When Millard tried to visit such sites, the iBoss browser blocked the sites, instead returning a notice that read, ”Website contains prohibited Pornography/Nudity content.”

Millard said he notified a technician from the Montgomery County’s Office of Technology Services, who fixed some of the problems regarding wrongly flagged sites, but some still remained.

The Maryland chapter of the American Civil Liberties Union (ACLU) and the national ACLU then wrote a letter to Phantom Technologies about the blocked websites. Since February, the ACLU has carried out the ”Don’t Filter Me!” campaign, which fights to amend software filters on school computers that block LGBT-related websites while allowing students access to anti-gay organizations’ websites. The ACLU says that such ”viewpoint discrimination” violates students’ rights under the First Amendment of the U.S. Constitution.

Montgomery County officials also took steps, correcting the remaining erroneous censors and ”de-flagged” the LGBT-related sites. According to the ACLU, iBoss also took steps to update its software to allow non-adult LGBT websites.

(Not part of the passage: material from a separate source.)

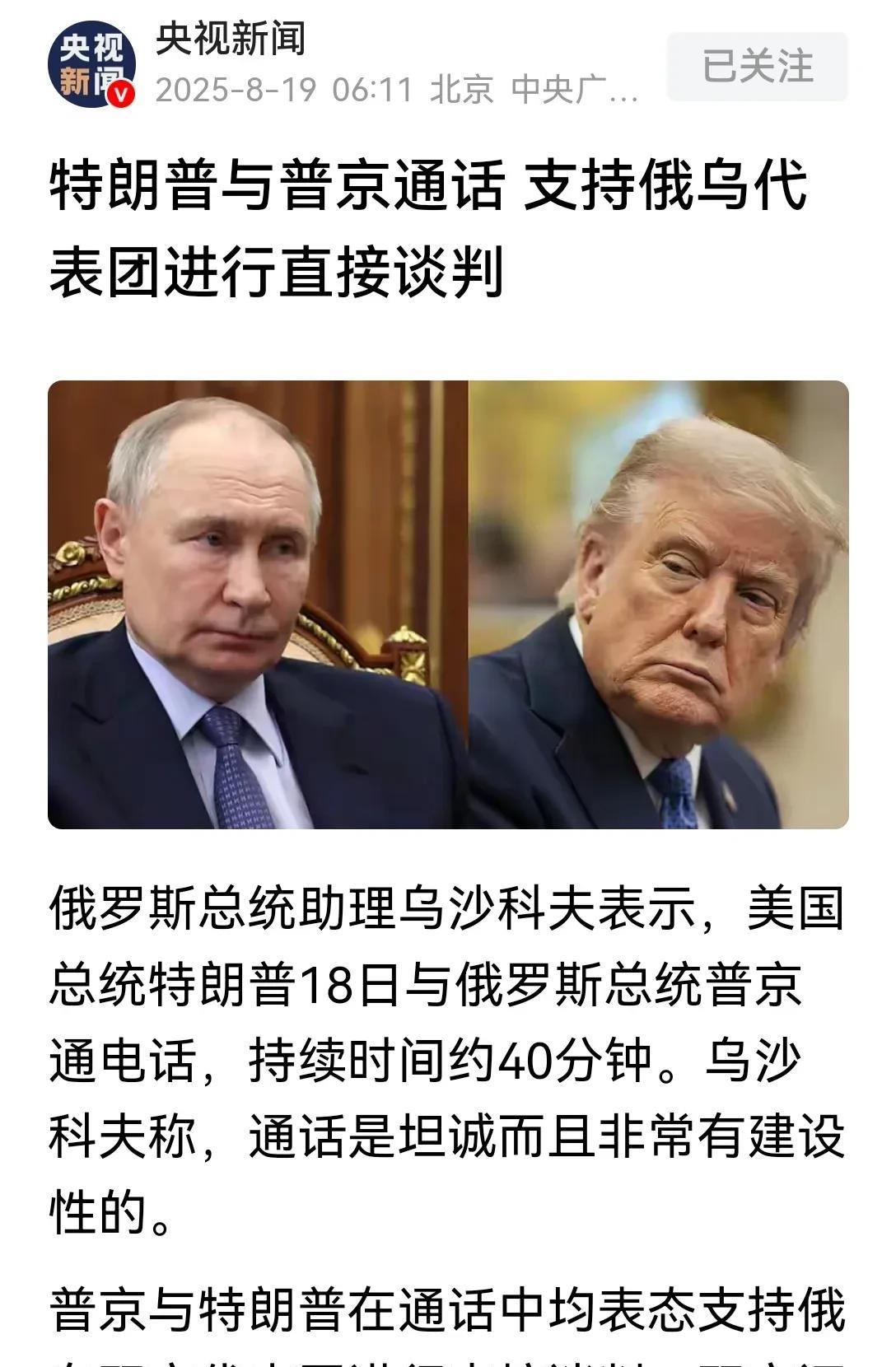特朗普直接叫停了,跟欧洲官员们的多边会晤! 让大家伙先等等,他要先去给普京做个汇报! 据欧洲媒体以及央视综合报道,美国当地时间8月18号下午,特朗普和多位欧洲领导人进行了第2轮会晤! 第1轮是先单独跟乌克兰代表的会谈! 谈的差不多了,才把欧洲的领导人叫进去,进行第2轮多边的会晤。 结果就在会议开到一半的时候,特朗普突然暂停了会议,他要给普京打个电话! 随后俄罗斯乌沙科夫对媒体表示,总统普京确实接到了特朗普的电话! 双方交谈了大概40分钟! 最后俄乌双方都表示愿意进行俄乌双方之间的直接会谈! 其实这个电话很简单,特朗普在白宫逼着泽连斯基和欧洲领导人表态! 普京的条件你们答应不答应? 我已经给你们争取了,普京已经做出巨大的让步了! 眼下这个条件就是普京的底线,你们答不答应? 如果答应的话,我就可以邀请普京进行三方会谈! 很有可能泽连斯基和欧洲领导人被迫屈服了! 然后特朗普马上就给普京打电话汇报了这一情况,并询问普京,你愿不愿意参加三方会议? 好了,最后的结局应该是三方都点头了! 那么最大的可能就是本月底之前,乌克兰美国俄罗斯将举行高层的三方面对面会晤! 地点还不确定!

However, the ACLU said it contacted iBoss a second time, after those adjustments had been made, because of other LGBT-related websites that were still being blocked by the software. In response, Phantom Technologies announced additional software tweaks Nov. 16, which should ensure the software does not aggressively filter LGBT websites.

According to the Phantom release, the company ”took the extra step of adding a reporting mechanism on its website so customers can submit misclassified LGBT sites directly for instant re-categorization across its entire end user base.”

”Out of the box, iBoss Web Filter products do not block LGBT content and do not have any kind of LGBT filtering category,” Peter Marin, a spokesman for Phantom Technologies, said in a statement. ”Our filters classify sites based on their content focus, so if a site is a dating site, regardless of who is dating, it’s just dating. We are completely neutral in that regard and strive to ensure our products operate in line with the ACLU’s Don’t Filter Me campaign.”

Phantom Technologies did not immediately respond to a request for further clarification.

In the ACLU’s press release, Deborah Jeon, legal director for the ACLU of Maryland, praised iBoss for ”moving quickly to bring its software into line with Montgomery County government’s values of non-discrimination and free speech.”

”It is vital for web filtering companies to take this problem seriously, especially when working with government agencies and schools that are covered by state or local nondiscrimination laws that prohibit discrimination on the basis of sexual orientation and gender identity,” Jeon said in the statement.

Jeon later told Metro Weekly that although the ACLU has often run into the problem of viewpoint-discrimination filtering on school computers, this was the first instance where she had heard of a county government blocking access to LGBT-related sites.

”Other counties may have filtered them as well, but so far this is the only one that’s been called to our attention,” she said.